Le choix du verre joue un rôle déterminant sur la perception du vin. Chaque cépage, chaque région, et même, pour les très grands, chaque vin – un verre Cheval Blanc a été conçu par Georg Riedel et Pierre Lurton – nécessite une approche particulière de ses arômes, de son fruité, son acidité, son gras et ses tanins. Chez Riedel, la discussion ne porte pas d’abord sur le design ou les arts de la table, même si la dernière carafe Boa ou les verres noirs destinés aux dégustations à l’aveugle (Black Serie, version blind) sont des objets plus que désirables. La qualité première d’un verre Riedel est de n’obéir qu’à sa fonction. Seule compte la dégustation. Ainsi, lorsque Georg Riedel et Pierre Lurton ont tenté d’identifier, parmi différents modèles, celui qui conviendrait à une opération mondiale consistant à proposer “Yquem au verre”, ce n’est pas le verre “Sauternes” qui s’est imposé. C’est le “Sauvignon” qui a su le mieux exprimer la minéralité particulière et la longue et élégante finale du célèbre liquoreux. Après avoir effectué durant quarante ans ce travail de pionnier éternellement renouvelé qui consiste à étudier sans cesse chacun des cépages majeurs, dans toutes les grandes régions viticoles du monde, Georg confie aujourd’hui les rênes de son entreprise, dont il reste propriétaire et conseil, à son fils.

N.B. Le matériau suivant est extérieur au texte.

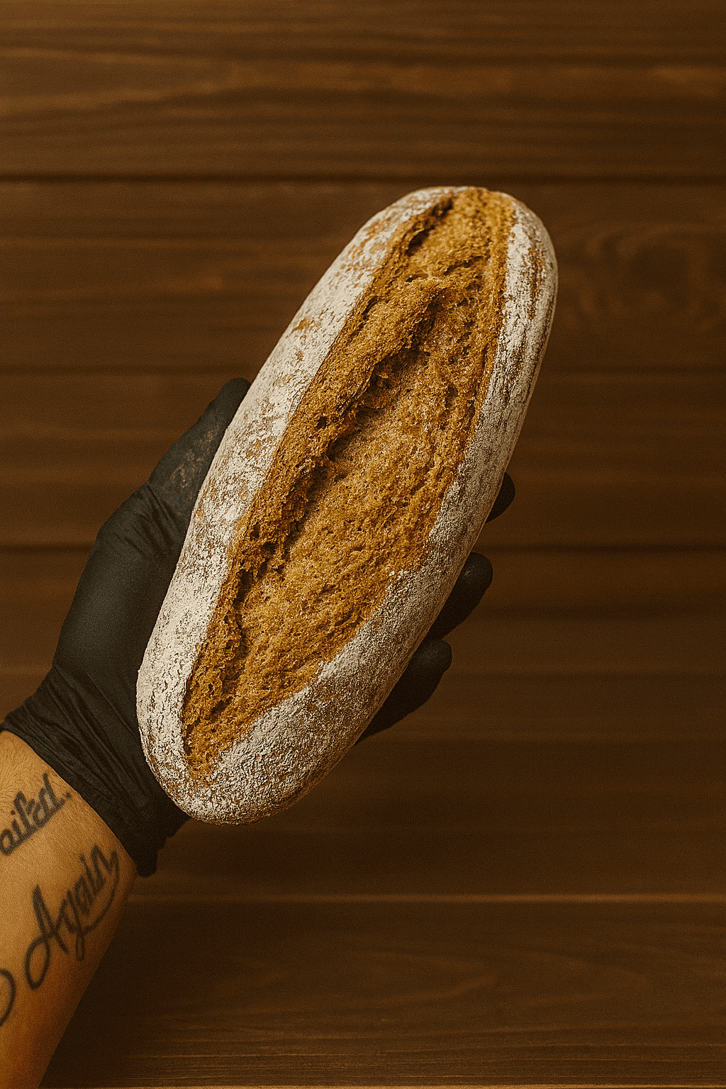 Pain à base de farine d'épeautre bio intégrale. Pain pauvre en gluten à index glycémique bas.

« Je suis fier de Maximilian, qui a su développer notre marché en Amérique du Nord avec un succès exceptionnel, et dont le talent et la créativité extraordinaires ont largement contribué au développement de la marque. Il sera secondé par ma fille Laetizia Riedel-Röthlisberger, avocate en droit des affaires et ambassadrice de la marque. » Face à cette passation de pouvoirs entre la dixième et la onzième génération de Riedel, le dégustateur reste confiant. Jusqu’à présent, pour reprendre l’expression du Time Magazine, la dynastie Riedel a plus fait pour contribuer au plaisir de l’œnophile que si elle avait possédé une étiquette. Cela ne devrait pas s’arrêter. Maximilian a d’ores et déjà annoncé qu’il souhaitait renforcer la présence de Riedel sur le marché européen, développer les filiales en Chine et ouvrir des marchés en Amérique du sud. Certes, l’avenir sera forcément fait de nouveaux amateurs et de nouveaux vins. Mais ce qui ne changera jamais, c’est que le seul moyen de contenter les premiers sera toujours de savoir leur révéler les seconds. Less is more et rien n’est plus visionnaire que la simplicité.
Amélie Couture
Cet article a été publié sous une forme différente dans le numéro de juillet 2013 de Série limitée-Les Échos.